### DATASET CONTENT
==========
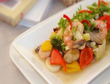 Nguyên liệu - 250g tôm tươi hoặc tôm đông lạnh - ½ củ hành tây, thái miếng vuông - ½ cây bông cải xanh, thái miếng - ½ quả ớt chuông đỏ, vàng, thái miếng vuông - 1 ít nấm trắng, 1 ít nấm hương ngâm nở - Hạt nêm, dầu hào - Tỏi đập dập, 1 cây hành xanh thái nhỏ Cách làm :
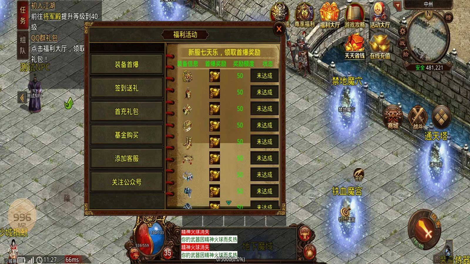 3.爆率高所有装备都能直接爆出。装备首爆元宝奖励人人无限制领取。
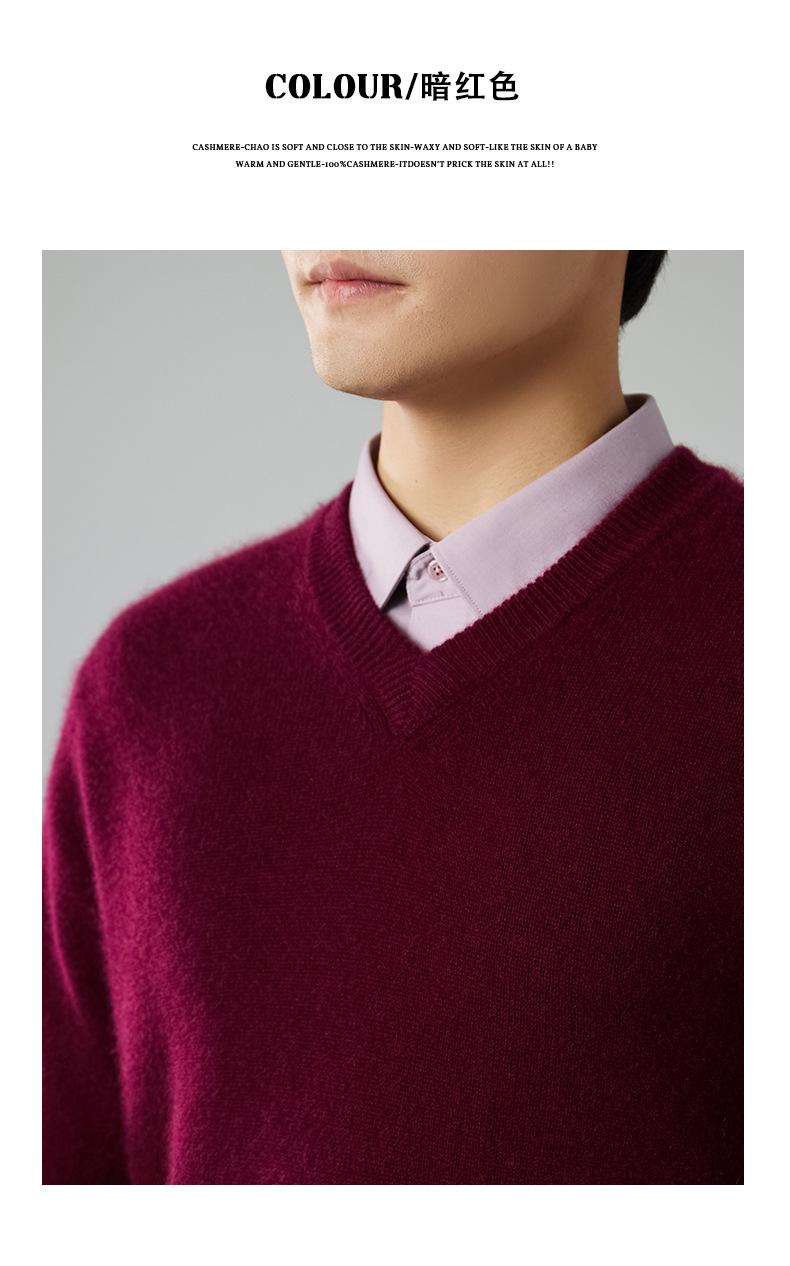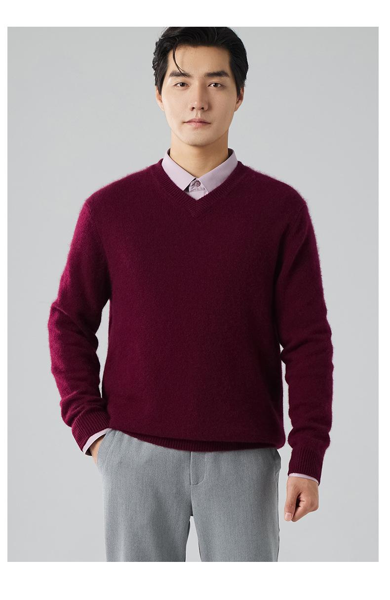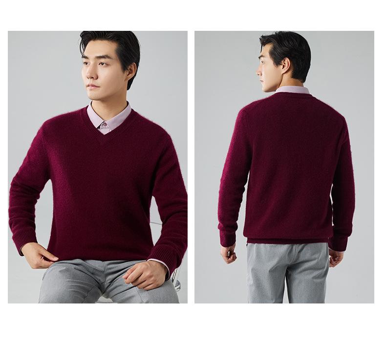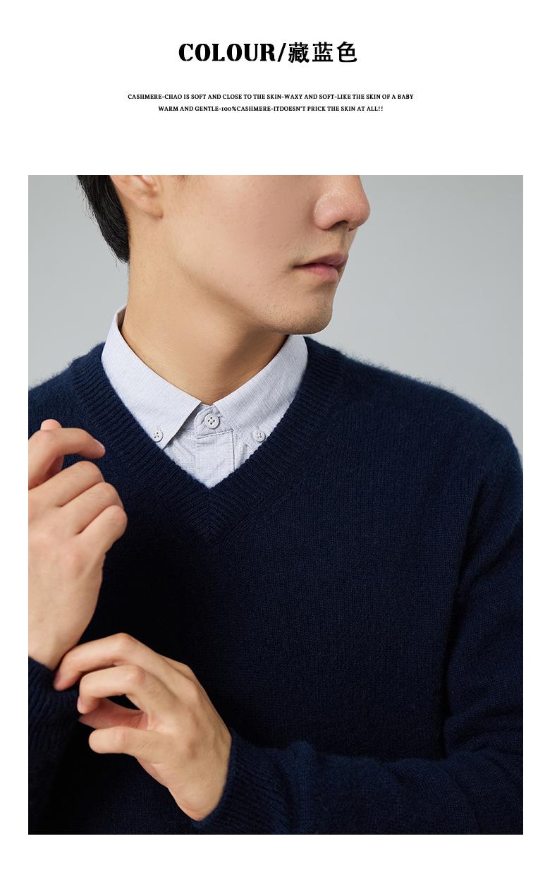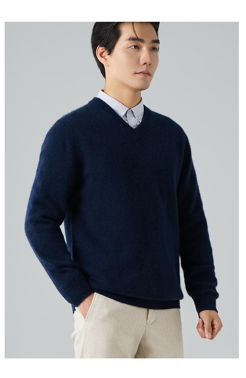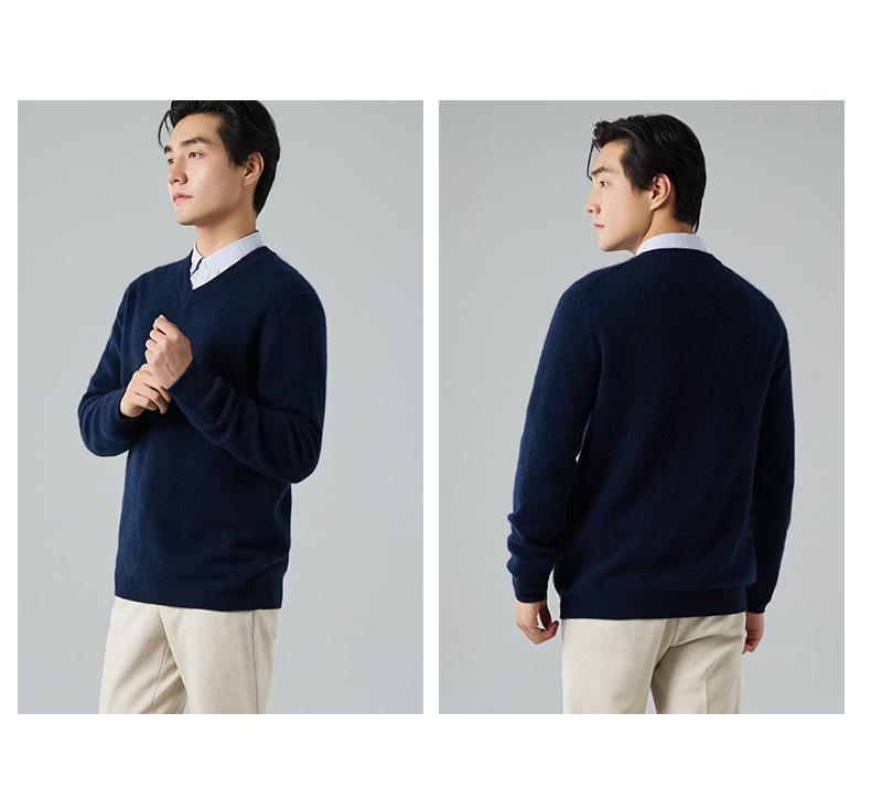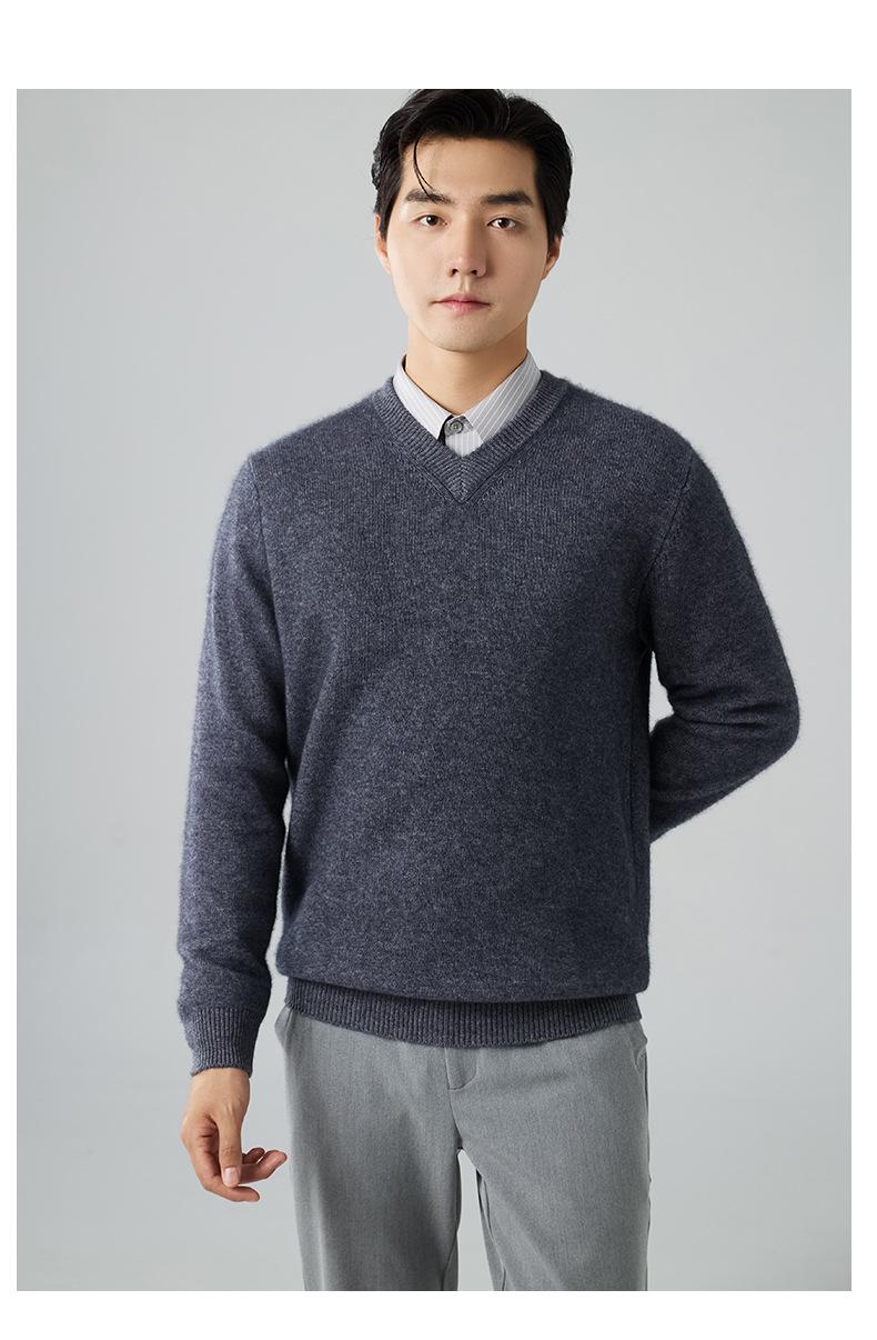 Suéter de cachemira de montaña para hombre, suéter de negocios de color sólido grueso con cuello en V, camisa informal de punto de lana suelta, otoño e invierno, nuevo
==========
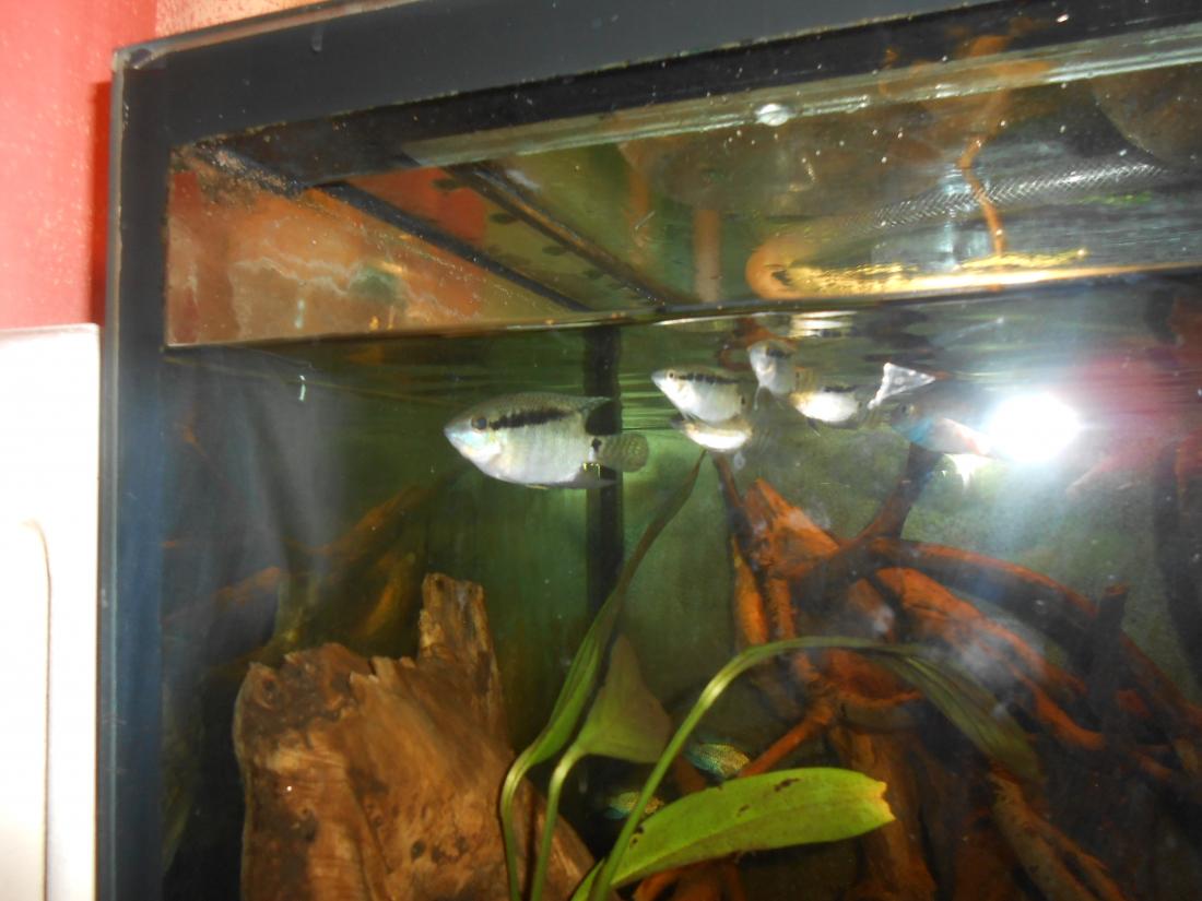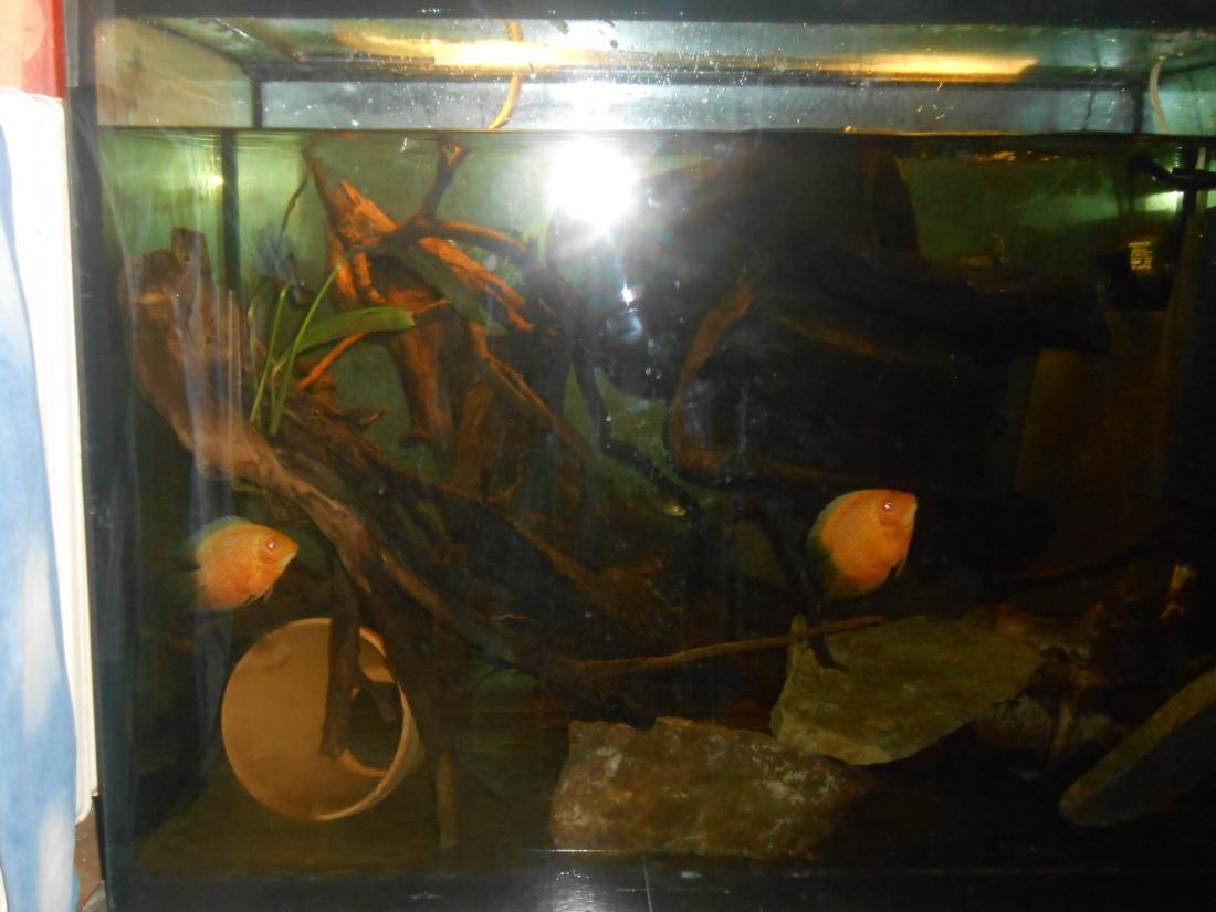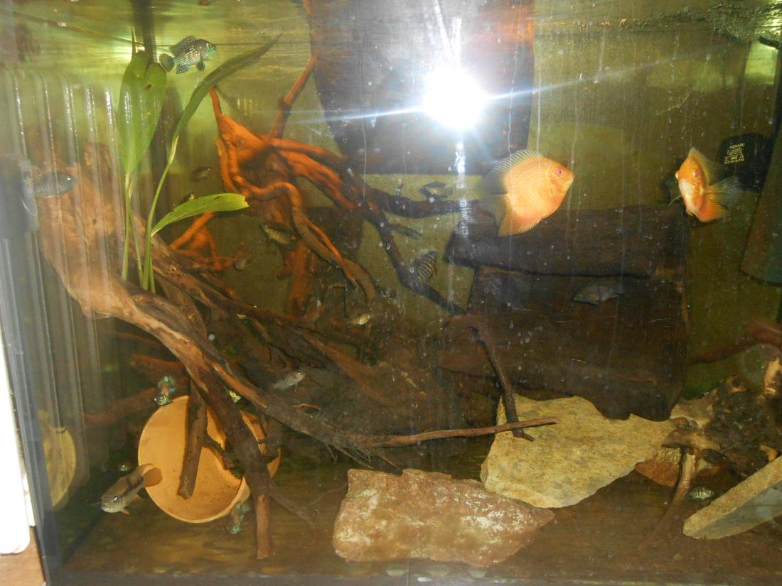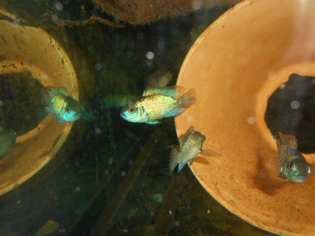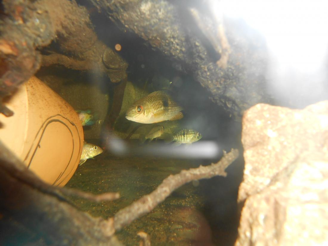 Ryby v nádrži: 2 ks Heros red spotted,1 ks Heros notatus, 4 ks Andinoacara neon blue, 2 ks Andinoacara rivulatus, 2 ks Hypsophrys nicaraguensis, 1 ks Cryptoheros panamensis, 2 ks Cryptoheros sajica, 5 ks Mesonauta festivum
==========
The expected output is the lines above from the one containing "Nguyên liệu - 250g" to the one containing "Suéter de cachemira", both ends included, reproduced exactly with every picture left out.

 Nguyên liệu - 250g tôm tươi hoặc tôm đông lạnh - ½ củ hành tây, thái miếng vuông - ½ cây bông cải xanh, thái miếng - ½ quả ớt chuông đỏ, vàng, thái miếng vuông - 1 ít nấm trắng, 1 ít nấm hương ngâm nở - Hạt nêm, dầu hào - Tỏi đập dập, 1 cây hành xanh thái nhỏ Cách làm :
 3.爆率高所有装备都能直接爆出。装备首爆元宝奖励人人无限制领取。
 Suéter de cachemira de montaña para hombre, suéter de negocios de color sólido grueso con cuello en V, camisa informal de punto de lana suelta, otoño e invierno, nuevo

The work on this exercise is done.